Michael Ledeen, described by The Nation as "one of the most influential
'Jinsans' in Washington" has been calling for "total war" against
"terror" - with "regime change" for Syria, Iran, Iraq, Saudi Arabia and
the Palestinian Authority. Mr Perle advises the Defence Secretary,
Donald Rumsfeld - who refers to the West Bank and Gaza as "the so-called
occupied territories" - and arranged the anti-Saudi "kernel of evil"
briefing by Laurent Murawiec that so outraged the Saudi royal family
last month. The Saudi regime may itself be in great danger as the
princes of the House of Saud attempt to seize more power for themselves
in advance of the depart-ure of the dying King Fahd.

Jinsa's website says it exists to "inform the American defence and
foreign affairs community about the important role Israel can and does
play in bolstering democratic interests in the Mediterranean and the
Middle East". Next month, Michael Rubin of the right-wing and
pro-Israeli American Enterprise Institute - who referred to the outgoing
UN human rights commissioner Mary Robinson as an abettor of "terrorism"
- joins the US Defence Department as an Iran-Iraq "expert".

According to The Nation, Irving Moskovitz, the California bingo magnate
who has funded settlements in the Israeli-occupied territories, is a
donor as well as a director of Jinsa.

President Bush, of course, will not be talking about the influence of
these pro-Israeli lobbyists when he presents his vision of the Middle
East at the United Nations on Thursday.

Nor will he give the slightest indication that the region is, in the
words of its own kings and dictators, a powder keg of resentment and
anger. The tectonic plates of the Arab world are now grinding with
increasing violence. Into this political earthquake zone, Mr Bush now
seems intent on leading his country, with his loyal British ally.

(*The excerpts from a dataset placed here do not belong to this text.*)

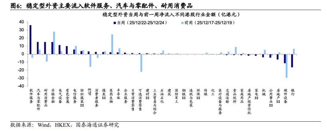 而实际上,据国泰海通跟踪研究,2025年最后一周,长线外资就已提前积极增配港股软件、电信、有色金属等行业,当周稳定型外资流入达83亿港元。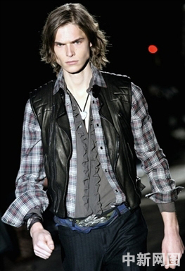 1月17日,在意大利米蘭舉行的2006/07秋冬男裝發(fā)布會(huì)上,一名模特在展示Gucci服裝。
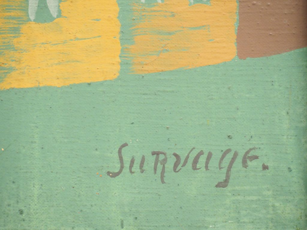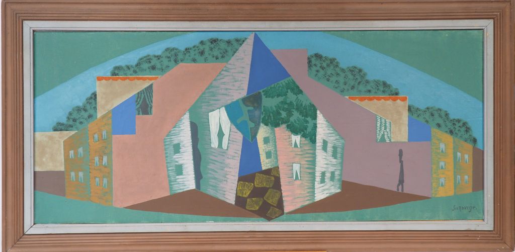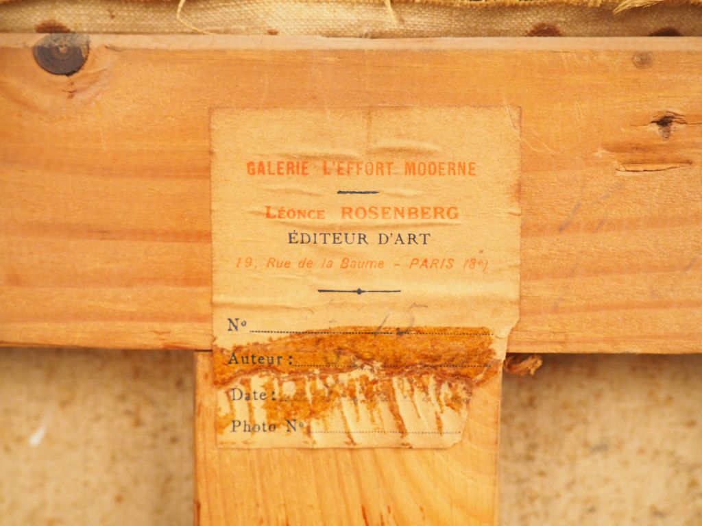 Léopold SURVAGE. "Homme dans la ville". Huile sur toile. Signée en bas à droite. 39.5 x 95 cm. Certificat de Mme DIVIETO. Etiquette d'exposition au dos : Galerie l'Effort Moderne. Léonce Rosenberg. Provenance : Famille du Sud Ouest de la France jusqu'à aujourd'hui.
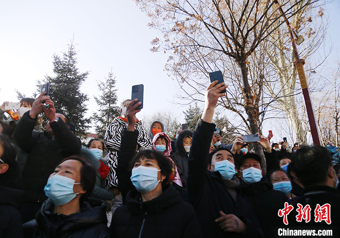 圖為信眾在塔爾寺內(nèi)迎接第九世格嘉·久美慈成南杰活佛,并用手機(jī)記錄。中新社記者 馬銘言 攝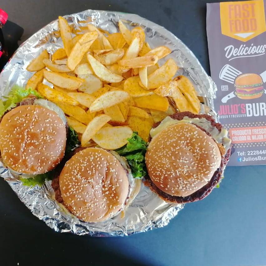 3 Hamburguesas con orden chica de papas (Puede agregar refresco por $ accesible )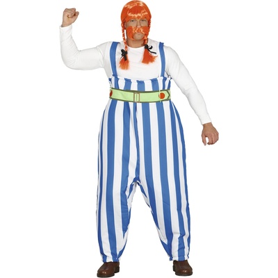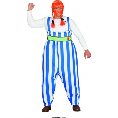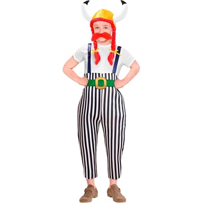 \nKarnevalový kostým galského bojovníka Obelixe. \nMateriál: 100% polyester \nVelikost: 128 cm, 5-7 let \nKostým Obelixe obsahuje: kalhoty s kšandami, pásek, helmu s copy a knír\n

Most of today's Arab nations were fashioned out of the ruins of the
Ottoman Empire by Britain and France in the aftermath of the First World
War - and Palestinians still blame Britain today for supporting the
formation of a Jewish homeland in Palestine.

Both European nations stationed tens of thousands of troops across the
region, suppressing Arab revolts in Palestine, Syria and Lebanon -
itself created by the French at the request of its Christian Maronite
community. The whole colonial framework led to the loss of tens of
thousands of lives before both the British and French retreated from the
Middle East.

Now President Bush seems set on following the colonial powers into the
region for another military and political adventure - ostensibly to
spread "democracy" among those nations it most despises (Iraq, Palestine
and Iran) but in fact more likely to increase American control of an
increasingly anti-Western Arab world.

The Arabs themselves warn that this will lead to massive instability and
widespread violence. The Israelis - and their allies in the US
administration - are hell bent on the whole shebang.